Real-time analytics can't block

The footsteps of Hadoop

It is puzzling that some industries that need real-time analysis have adopted Hadoop technology faster. These industries include the retail industry, IT security, telecommunications, and insurance. This is confusing because Hadoop's first basic mapreduce (mapping-inductive) model uses batch processing, which is inefficient in real-time data analysis and processing. In order to solve this problem, there have been some real-time companies (such as Datatorrent, VOLTDB and splice machine) that deal with Hadoop in the market.

Future prospects

Even companies that are ready to enter Hadoop face a lack of talent. There are 16,000 jobs in the United States that require Hadoop experience in writing this article. If the Hadoop market matures, the industry needs to find a way to leverage those who have no experience with Hadoop technology. The number of people who know SQL is 100 times times more than Hadoop. Solutions like splice Machne, PRESTO,IBM Big Data, Oracle Big Data SQL, and so on, which provide a way to query big data with SQL, will be more attractive because of the number of people involved.

Even if the problem of talent can be solved, the technology itself still has a very expensive problem of practical and maintenance costs. While using a free, open source Hadoop system, you still need to find a very rare system administrator who has a very low bid. In addition, while there are more and more solutions for backup, recovery, and high usability, managing Hadoop systems is still much more complex than SQL databases.

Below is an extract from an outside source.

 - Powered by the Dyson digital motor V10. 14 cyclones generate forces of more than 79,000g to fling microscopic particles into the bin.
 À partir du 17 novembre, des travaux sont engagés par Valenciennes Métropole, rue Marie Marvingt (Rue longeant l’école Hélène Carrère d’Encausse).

Today's Hadoop market can be said to be relatively small, and not allow so many startups in the competition. Our analysis shows that companies that really pay for big data are concentrated in a small number of large companies, so the final winners should be those that have a foothold in the market. We can also see this from the recent hortonworks in the stock market (note: The stock price is $11 and the market value has evaporated by more than half since it was listed).

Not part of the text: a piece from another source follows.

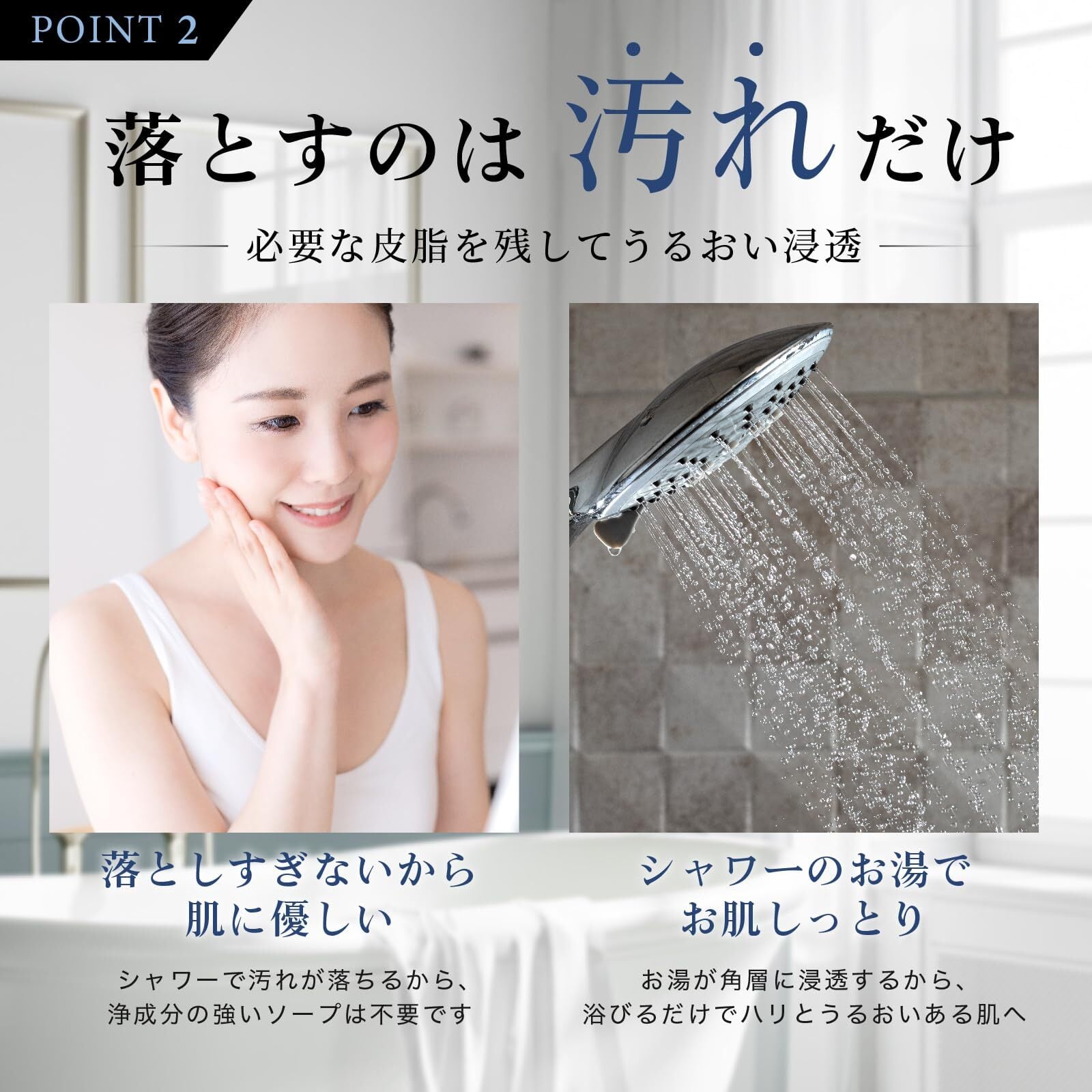 商品特長 塩素除去、汚れ除去、水垢の成長阻害

This will directly lead to the acquisition or merger of some hadoop companies. Finally, if the company can not only support the most basic mapreduce, but also the public cloud pricing model, transactions, pure memory processing, real-time analysis and SQL, and so on, then customers can no longer to have a lot of different disposable systems and worry. In the end, like the former relational database companies are replaced by application companies (such as Oracle), these companies directly provide some big data-driven solutions, can be directly applied in the Internet of things, customer relationship management, supply chain and even some industry-specific applications, such as logistics management and even financial fraud detection.

The road is long

As you can see, there is a lot of room for growth and change in the big data market. Our analysis shows that the following aspects can help make these growth a reality. First, Hadoop can move into more vertical and midsize companies, second, the number of people in Hadoop needs to grow, and then improve the analytics system to make it easier for more people who already know SQL to use Hadoop tools. Finally, after the merger of the company if it can be transformed into an application as the main product of the company should be a smile to the final winner.

Open Big Data to learn the road of the long way to repair

Related Article

Contact Us

The content source of this page is from Internet, which doesn't represent Alibaba Cloud's opinion; products and services mentioned on that page don't have any relationship with Alibaba Cloud. If the content of the page makes you feel confusing, please write us an email, we will handle the problem within 5 days after receiving your email.

If you find any instances of plagiarism from the community, please send an email to: info-contact@alibabacloud.com and provide relevant evidence. A staff member will contact you within 5 working days.

A Free Trial That Lets You Build Big!

Start building with 50+ products and up to 12 months usage for Elastic Compute Service

  • Sales Support

    1 on 1 presale consultation

  • After-Sales Support

    24/7 Technical Support 6 Free Tickets per Quarter Faster Response

  • Alibaba Cloud offers highly flexible support services tailored to meet your exact needs.